ASSIGNMENTS AND GRADING

Instead of a midterm exam, there will be a seven-minute in-class quiz at the start of every Tuesday lecture (10% of your overall grade), a final examination (30%), and four project assignments (15% each). You should do each project and quiz with one partner, so individual work will count for 30% of your grade and joint work for 70%. You are free to change partners, or not, for each project and for each quiz. 

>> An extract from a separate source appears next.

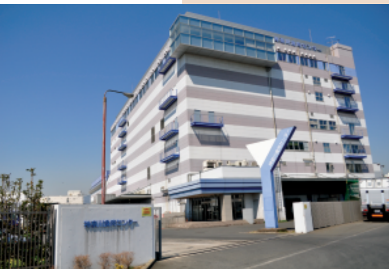
神奈川食肉センター

Each project will last between two and three weeks and will require coding, experimenting with data, and writing a report. Using a high-level language such as Python, Matlab or R is encouraged. Projects will be graded based exclusively on the written report; see this writing advice. Each team should hand in its joint report at the start of class on the day that the report is due. Each day or part of a day that a report is late will cost 20% of the maximum score available for the project. Reports will be evaluated using grading criteria similar to those in this form. Complete academic honesty is always required. 

The first project will be handed out on January 10, and will be due back on Thursday January 24, 2012. Later projects will be due on ??. The three-hour final exam will be on Tuesday March 19 at 3pm.

There is no a priori correspondence between letter grades and numerical scores on the assignments or on the exam. You can evaluate your performance in the class by comparing your scores with the means and standard deviations, which will be announced. However there is also no fixed correspondence between letter grades and standard deviations above or below the mean. If all students do well in the absolute, then all students will get a good grade.  

You should not drop CSE 250B just because you are unhappy with the score that you receive on a project or quiz. Instead, you should make an appointment to discuss with the TA or the instructor how you can do better on following projects and quizzes.